====== Source data

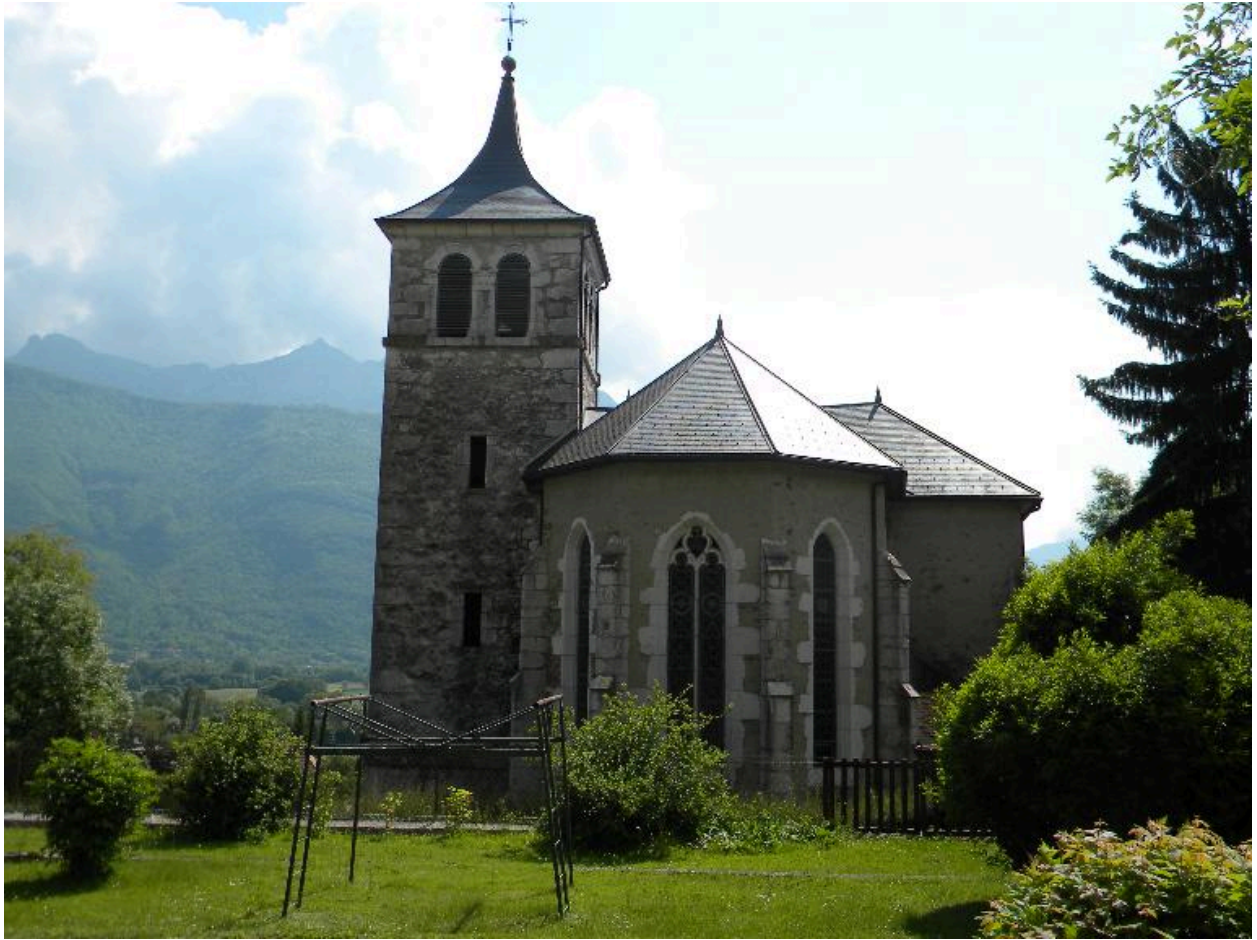
Vue du chevet de l'église.
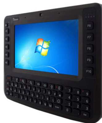
8" Vehicle Mount Computer, FM08
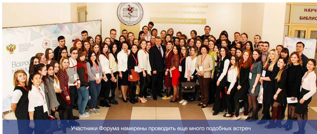
Участники Форума намерены проводить еще много подобных встреч
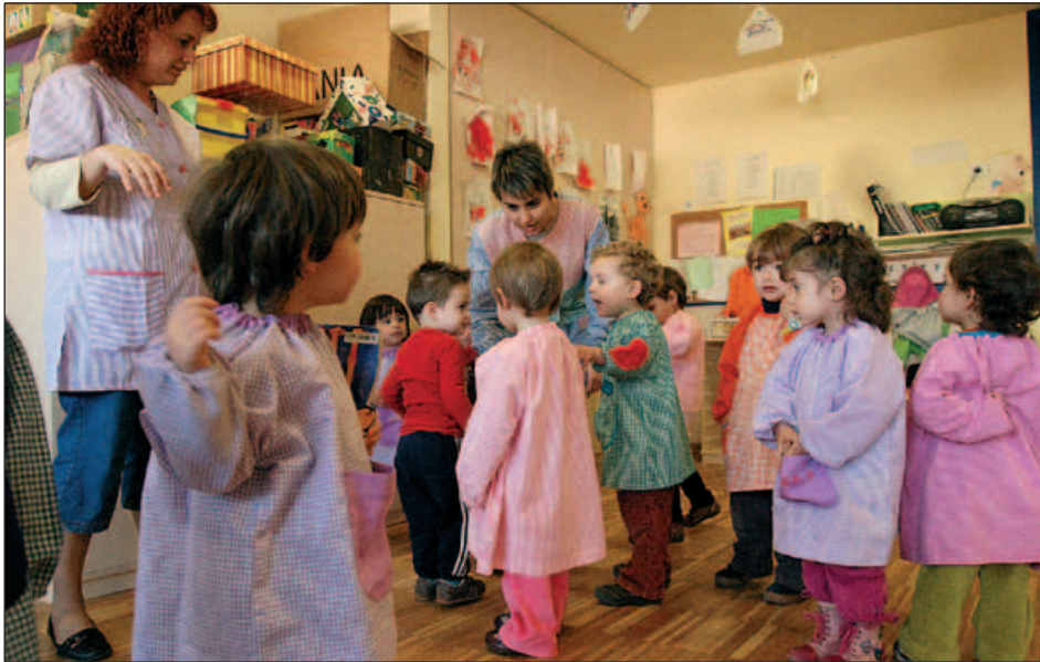
UNA AULA DE LA LLAR D'INFANTS EL LLEDONER (IMATGE D'ARXIU)

Les sessions, que s'han posat en marxa a l'octubre, van a càrrec de professionals de la formació infantil i pretenen donar eines als pares per a millorar el dia a dia amb els fills.
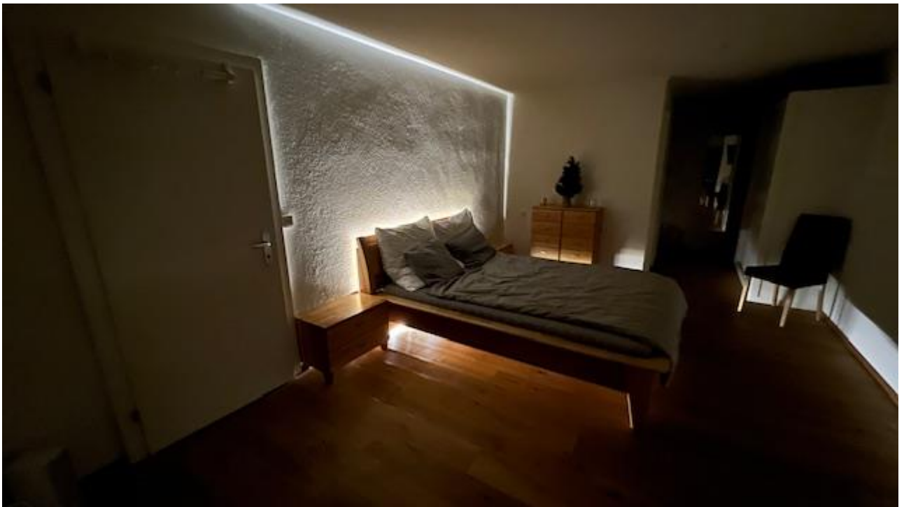
Schlafzimmer mit en Suite Badezimmer
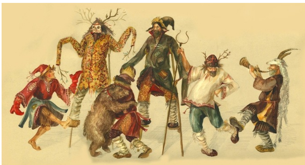
Рис. 3. Скоморохи
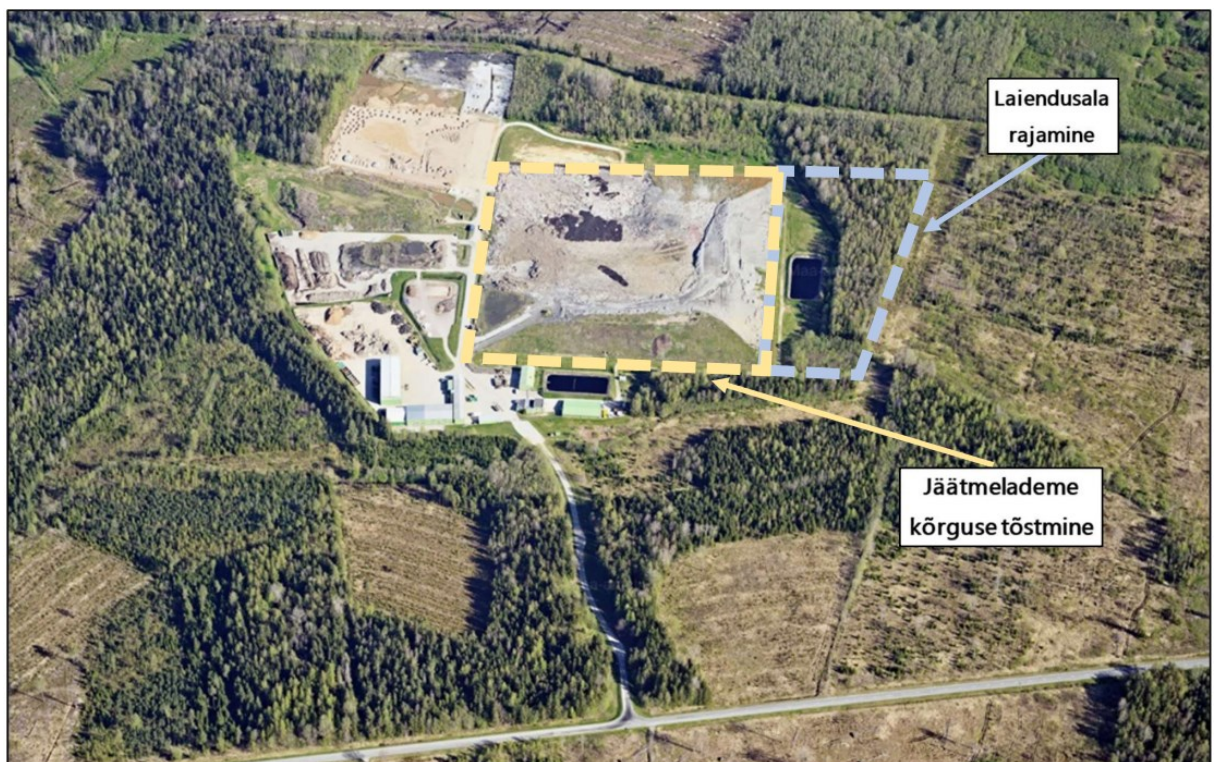
Joonis 2. Vaade Väätsa prügilale (, 05.05.2024)
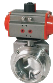
QW8102-50BK II c-QAS63
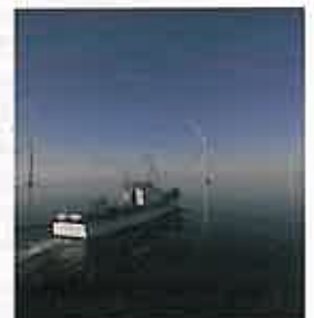
HAVVINDMØLLER: Fisken trives i Lillgrund havvindpark i Sverige.

Prøvefiske viser at havvindparken Lillgrund (omtalt i TU nr. 32/09) lokker til seg fisk og ikke forstyrrer den. De 48 turbinene fra Vattenfall står på betongfundamenter, og mellom disse er det nå mer bunnfisk enn tidligere. Det er blitt litt mer torsk, og tydelig flere ål og ulke. Dette kan skyldes at det er trygt mellom fundamentene, og det fins mat der, sier en representant fra Fiskeriverket til Sveriges Radio. Det skal nå forskes mer på dette. KMH
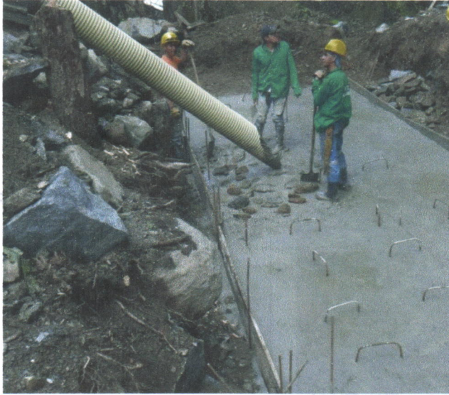
FOTO 24. INSTALACION DE CONCRETO PARA DESARENADOR EN NUEVA UBICACION
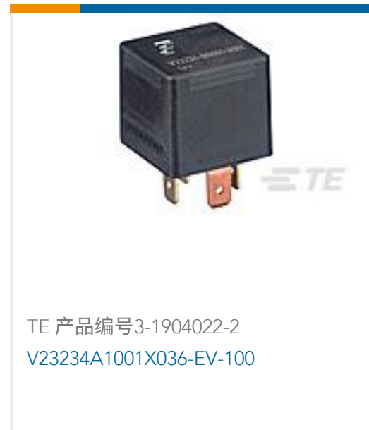
TE 产品编号3-1904022-2 V23234A1001X036-EV-100
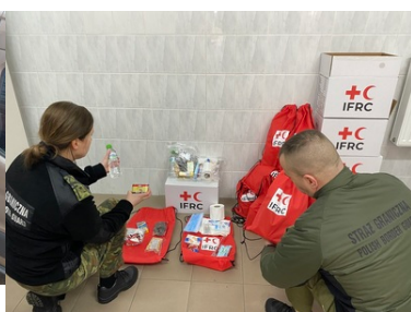
Pomoc humanitarna na granicy
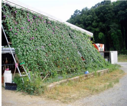
グリーンカーテンの設置
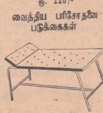
த. பர்மா டக் டிரேடிங் கம்பெனி லிமிட்டெட். 62, புளுமென்டால் ரோட், கொழும்பு-13. தொடர்பு கொள்ளுகள் தொலைபேசி: 2239. கிராம்ஸ்: Tea...
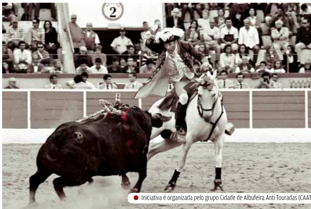
● Inicialmente é organizada pelo grupo Cidade de Albufeira Anti-Touradas (CAAT)

Grupo local apela à participação das pessoas
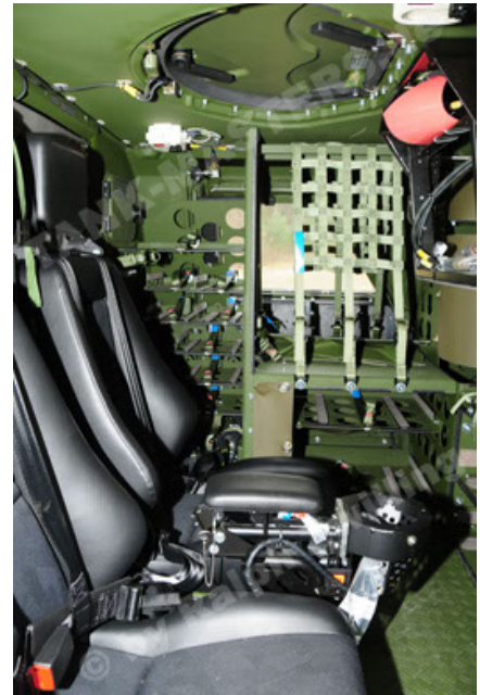
Dingo 2 GE A3 SysInstFw (28).JPG
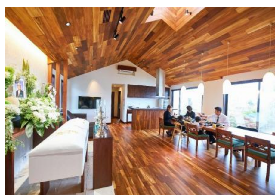
貸切・一戸建てタイプの控室 「Villa House」
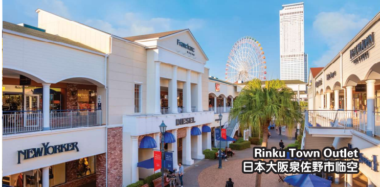
Rinku Town Outlet 日本大阪泉佐野市临空
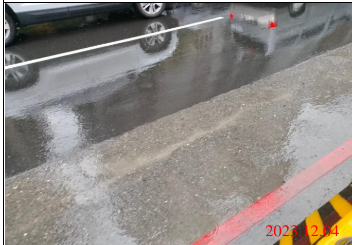
巡查日期地點：112.12.04/ Y23車站 照片說明：路面龜裂狀況
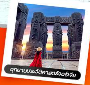
อุทยานประวัติศาสตร์จอร์เจีย
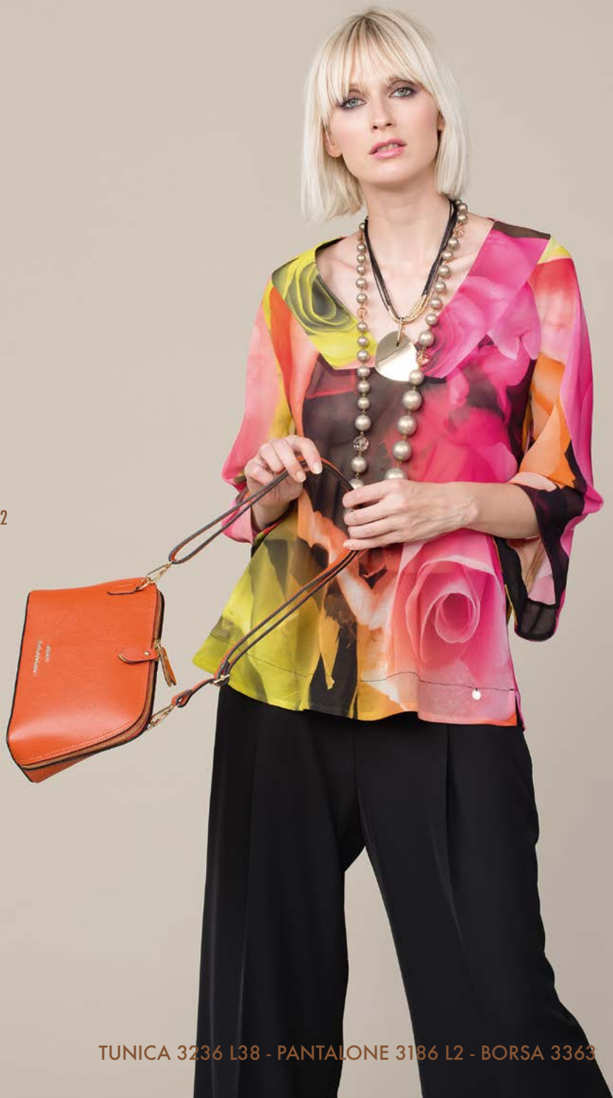
TUNICA 3236 L38 - PANTALONE 3186 L2 - BORSA 3363
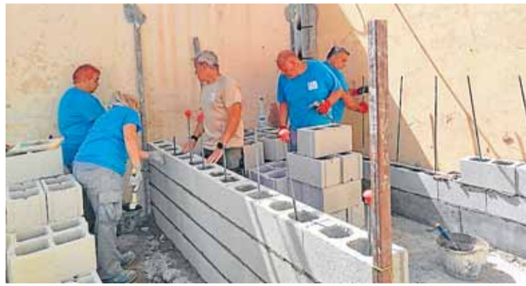
Un grupo de operarios levantan los muros para los toros. ÁNGELA BELMAR

de los festejos taurinos que tienen lugar en agosto. La construcción de estos espacios para las reses permitirá que los festejos se desarrollen con todas las garantías y con plena normalidad, facilitando el manejo de los novillos y evitando contratiempos. Con ello, se refuerza la tradición y el arraigo de la cultura taurina en Blanca. Las tareas están siendo llevadas a cabo por los alumnos del programa Blanca Emplea, de la modalidad
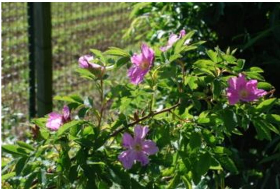
Rosa Californica op 24 05 2015
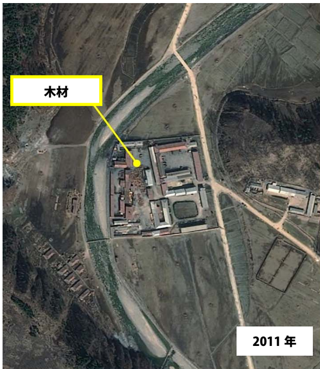
March 26, 2011, 39.689814°, 126.857436°

2011年から2013年にかけてヨドク収容所の同じ場所を写した画像を比べてみると、家具工場があると推定できる。木材の量の変化が、生産活動を示している。
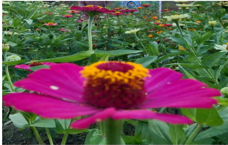
Gambar 4. Zinnia sp

Hasil penelitian Sejati (2010) menunjukkan bahwa semua tanaman berbunga yaitu bunga kenop/kancing, bunga kertas ( Z. elegans ), bunga jengger ayam, bunga soka dapat mendatangkan serangga yang bermacam-macam jenisnya, ada yang sebagai musuh alami, hama, dan serangga lainnya. Penggunaan tanaman yang paling efektif adalah bunga jengger ayam dan bunga kertas ( Z. elegans ). Bunga kertas dikunjungi sebanyak 91 ekor dan 4 ekor Arachnida selama 14 kali pengamatan, dan yang terbanyak dari family Formicidae 42,8% dan paling sedikit adalah dari family Acrididae yaitu sebanyak 1,1%.
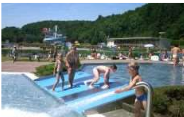
FREIBAD METTLACH in Richtung Losheim

Die Voraussetzungen für Tischtennislehrgänge sind gut: nur 8 km zwischen Jugendherberge und Trainingshalle.. Die Halle ist mit einem Schwingboden ausgestattet und bietet Platz für 13 Tische. In einer Entfernung von 3 km ist das Mettlacher Freibad zu finden. Zwischen Jugendherberge und Trainingsort wird ein Fahrdienst organisiert.
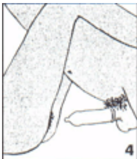
Después de la eyaculación, y cuando el pene aún esté erecto, retire el pene, sujetando el condón
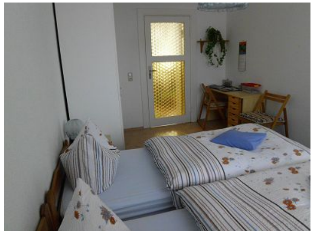
Schlafzimmer FEWO Zwei
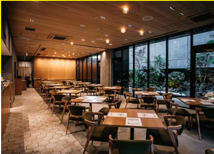
KIGI | 東京 溜池山王 (2019年3月～)
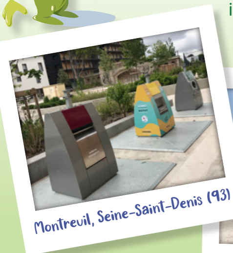
Montreuil, Seine-Saint-Denis (93)

Les bacs et conteneurs destinés au tri peuvent avoir des formes différentes selon les villes. L'important c'est qu'il y a toujours des indications dessus pour savoir quoi y mettre et comment bien trier. Si tu regardes bien, il y a toujours des images ou des textes pour t'aider à savoir ce que tu peux mettre ou ne pas mettre dans chaque conteneur.
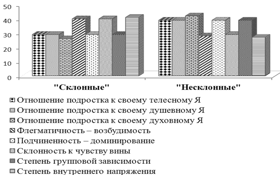
Рис. 2. Особенности личного потенциала подростков, «склонных» и «несклонных» к виктимному поведению

============

Required action:
The line holding "Un grupo de" starts the copy and the line holding "Die Voraussetzungen für" ends it. Repeat those two lines above and all between them exactly, leaving out pictures.

Reply to the task:
Un grupo de operarios levantan los muros para los toros. ÁNGELA BELMAR

de los festejos taurinos que tienen lugar en agosto. La construcción de estos espacios para las reses permitirá que los festejos se desarrollen con todas las garantías y con plena normalidad, facilitando el manejo de los novillos y evitando contratiempos. Con ello, se refuerza la tradición y el arraigo de la cultura taurina en Blanca. Las tareas están siendo llevadas a cabo por los alumnos del programa Blanca Emplea, de la modalidad
Rosa Californica op 24 05 2015
March 26, 2011, 39.689814°, 126.857436°

2011年から2013年にかけてヨドク収容所の同じ場所を写した画像を比べてみると、家具工場があると推定できる。木材の量の変化が、生産活動を示している。
Gambar 4. Zinnia sp

Hasil penelitian Sejati (2010) menunjukkan bahwa semua tanaman berbunga yaitu bunga kenop/kancing, bunga kertas ( Z. elegans ), bunga jengger ayam, bunga soka dapat mendatangkan serangga yang bermacam-macam jenisnya, ada yang sebagai musuh alami, hama, dan serangga lainnya. Penggunaan tanaman yang paling efektif adalah bunga jengger ayam dan bunga kertas ( Z. elegans ). Bunga kertas dikunjungi sebanyak 91 ekor dan 4 ekor Arachnida selama 14 kali pengamatan, dan yang terbanyak dari family Formicidae 42,8% dan paling sedikit adalah dari family Acrididae yaitu sebanyak 1,1%.
FREIBAD METTLACH in Richtung Losheim

Die Voraussetzungen für Tischtennislehrgänge sind gut: nur 8 km zwischen Jugendherberge und Trainingshalle.. Die Halle ist mit einem Schwingboden ausgestattet und bietet Platz für 13 Tische. In einer Entfernung von 3 km ist das Mettlacher Freibad zu finden. Zwischen Jugendherberge und Trainingsort wird ein Fahrdienst organisiert.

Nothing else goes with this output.